Definitivamente, el otoño no era mi estación favorita del año. Todas esas hojas amarilleando que acababan en un cubo de basura, los abrigos desempolvados, la sensación de estar en mitad de ninguna parte. Sentí el aire frío en el rostro y supe que muy probablemente regresaría otro día a aquel edificio para tener una pequeña charla con el guardia de seguridad; una vez que lo tenía localizado, nada me lo impediría. Aunque Eme tenía razón con respecto a lo que había mencionado acerca de la más que posible frustración que podía producirme el resultado de esa conversación, creo que terminaría pesando más mi ego y la dichosa curiosidad.

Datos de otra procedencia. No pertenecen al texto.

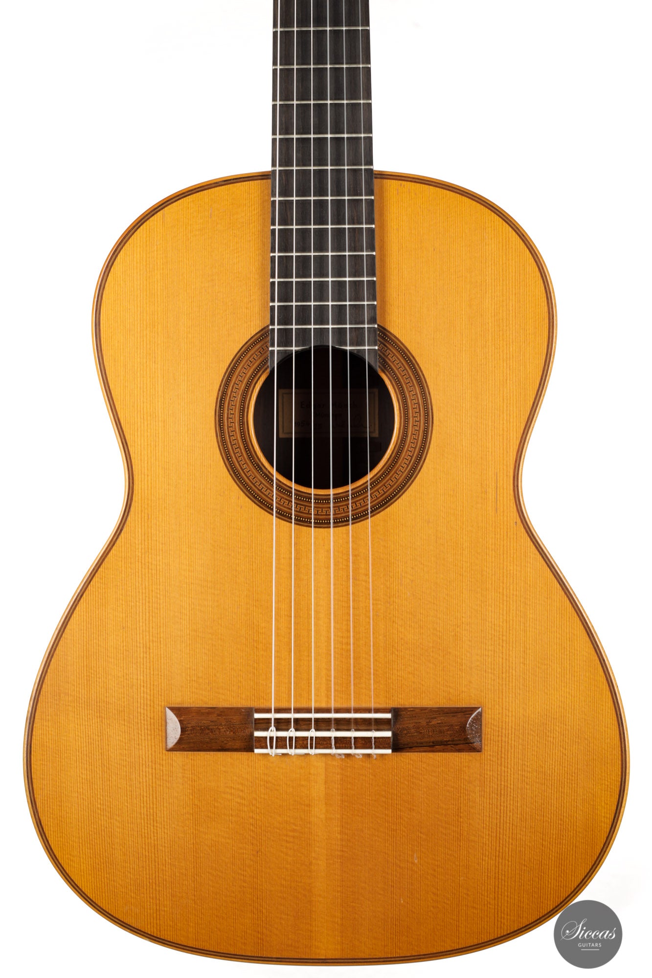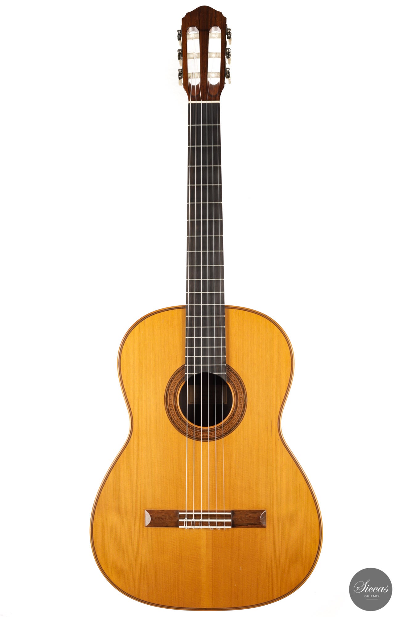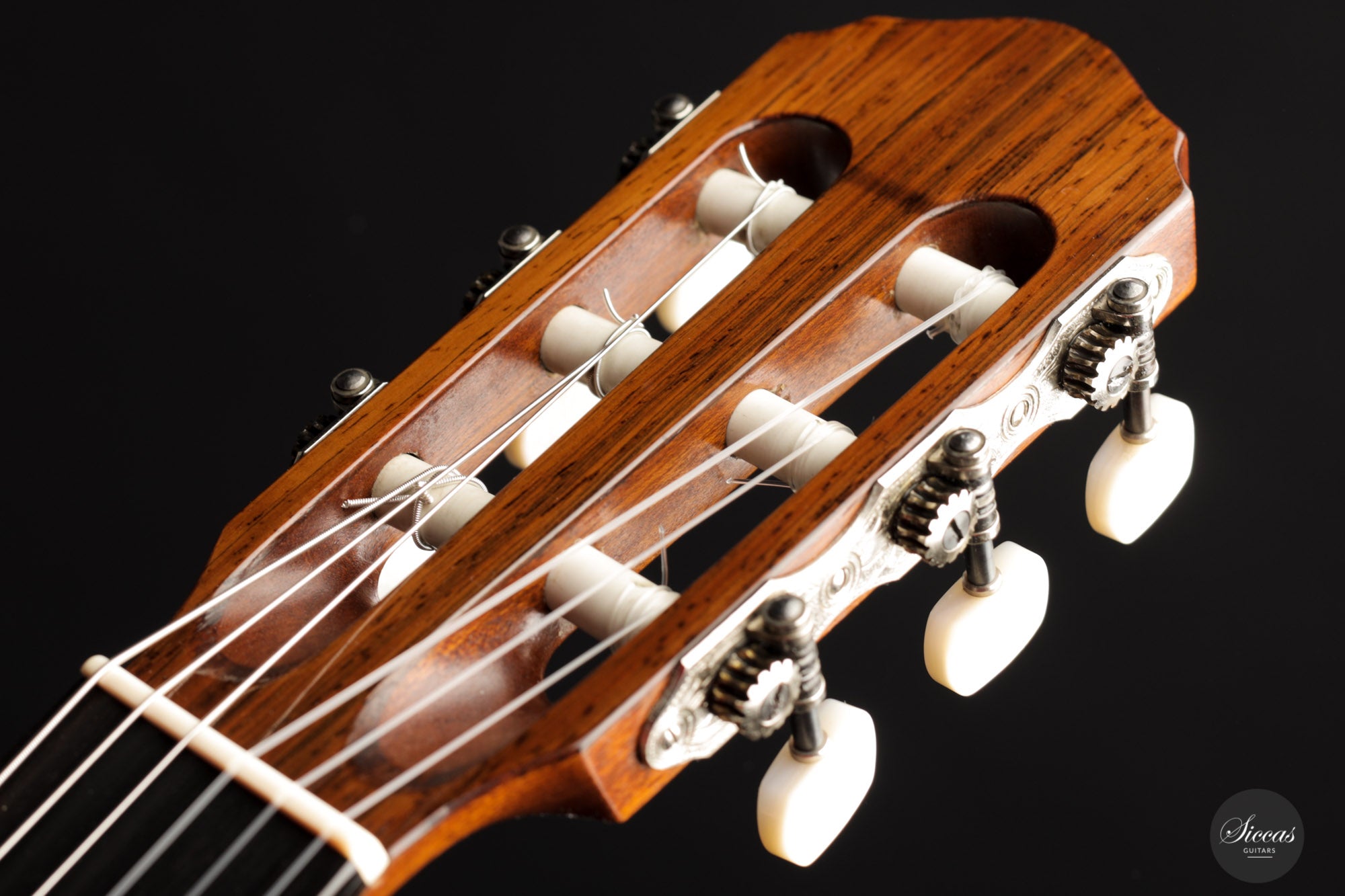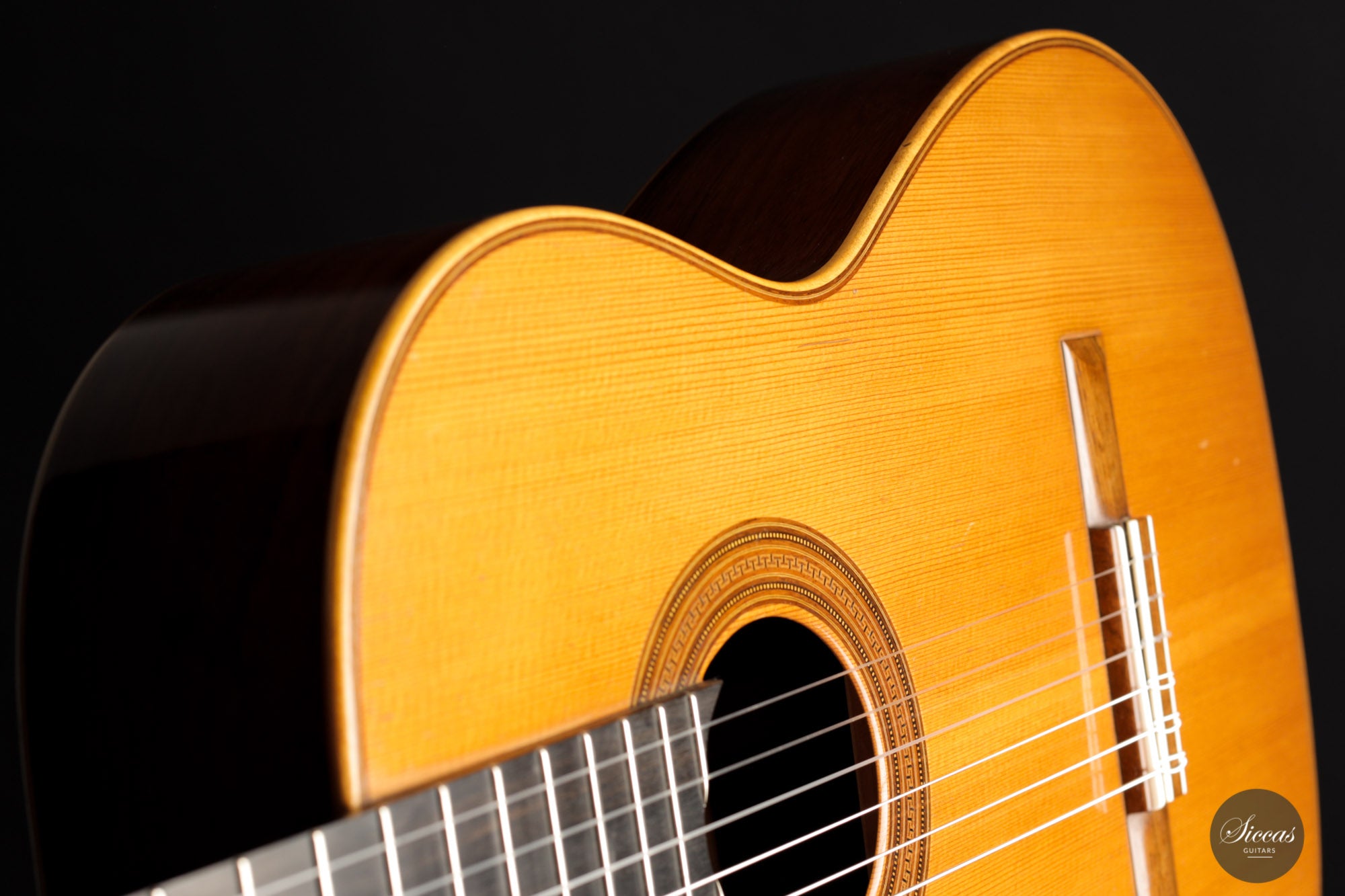 Visually, this guitar, made of spruce and Brazilian rosewood (CITES-certified), is especially captivating due to its maze-like rosette and beautiful honey-colored soundboard. Moreover, this very instrument is illustrated in the highly recommendable book "34 Classical Guitars in Life-Size" by Alberto Martinez, published by Camino Verde. Considering its age, it is in very good condition with only one repaired hairline crack on the top, one repaired crack on the back and the doubled fingerboard. All repairs have been carried out professionally, so this wonderful guitar is currently in fantastic playing condition.
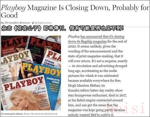 是的,因為新冠肺炎疫情影響,“對《花花公子》的內(nèi)容生產(chǎn)和供應(yīng)鏈造成破壞”,這本有著半個世紀(jì)歷史的美國成人雜志品牌倉促宣布:2020年的春季刊將成為《花花公子》最后一本紙質(zhì)雜志。
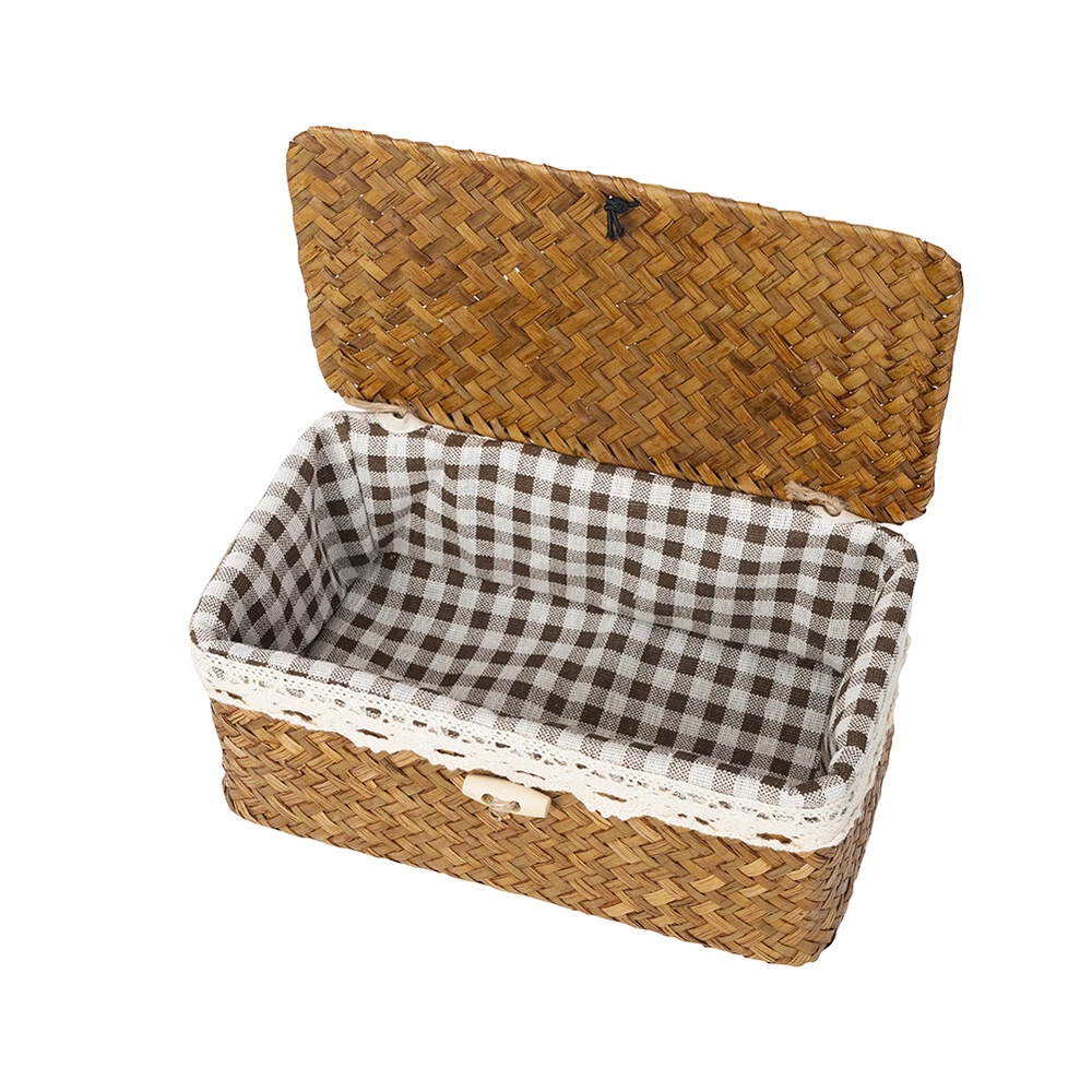 Feature: As a natural green aquatic plant, seagrass has a smooth and tough surface, which is very suitable for weaving materials. The use of folk tradition of hand-weaving the whole process, manual skills Retro, stylish and sturdy, is one of the most popular modern low-carbon environmentally friendly products. Wide range of applications, can be used as decoration and storage baskets. Specification: Item: Seagrass Basket Material: Seagrass + Cloth Color: Nature Brown, Nature Beige Size: S:23*13*9CM M:26*16*10CM Process: Handmade Package included: 1 Pcs Seagrass Storage Box Note: 1.The color of natural seagrass materials cannot be unified, and there will be some color differences. For example, the color of seagrass with different growth degrees will be different. 2. Please allow 1-2cm size errors due to pure manual production and measurement. On Dec 2, 2024 at 20:03:31 PST, seller added the following information:

Mientras no se demostrara lo contrario, era mi último caso en los tribunales. Tenía derecho a saber a favor de quién habría fallado el jurado. A estas alturas ya no me sorprendía la facilidad con la que podía convencerme a mí misma de hacer una cosa y acto seguido justo la contraria. De mis variadas, y a menudo incomprendidas especialidades, era sin duda la que más apreciaba.

—¿Sabes qué día es hoy? —pregunté.

—Miércoles 30 de noviembre —respondió.

—Así es. Pero no cualquier miércoles 30 de noviembre —puntualicé.

—¿De qué estás hablando?

En ese preciso instante tomé la decisión de compartir con mi investigador aquello en lo que había estado metida durante los últimos tres meses.

—Te invito esta tarde a un espectáculo digno de ser visto —dije.

—¿Es peligroso?

—Nunca he hecho nada en mi vida que haya merecido la pena que no haya entrañado algún peligro.

—Me apunto.

—Por supuesto que te apuntas. Yo conduzco, es a las afueras.

—¿A qué hora se supone que empieza el show?

Miré mi reloj, como si no supiera perfectamente la hora a la que estaba previsto que diera comienzo todo.

—En un par de horas.

—No tengo ni la más remota idea de lo que estamos hablando, y eso es algo que no me tranquiliza precisamente, solo espero que no sea una de esas cosas tuyas en la que terminas involucrando y arrastrando a todos los que tienes a tu alrededor.

Seguimos adelante, atravesando la plaza en dirección al aparcamiento. Noté una punzada en el pecho. Tal vez Eme tenía razón, pero más allá de lo que supusiera para nosotros, lo que estaba a punto de ocurrir significaba la culminación definitiva de un camino muy largo para muchas otras personas. Ojalá que nada ni nadie lo detuviera.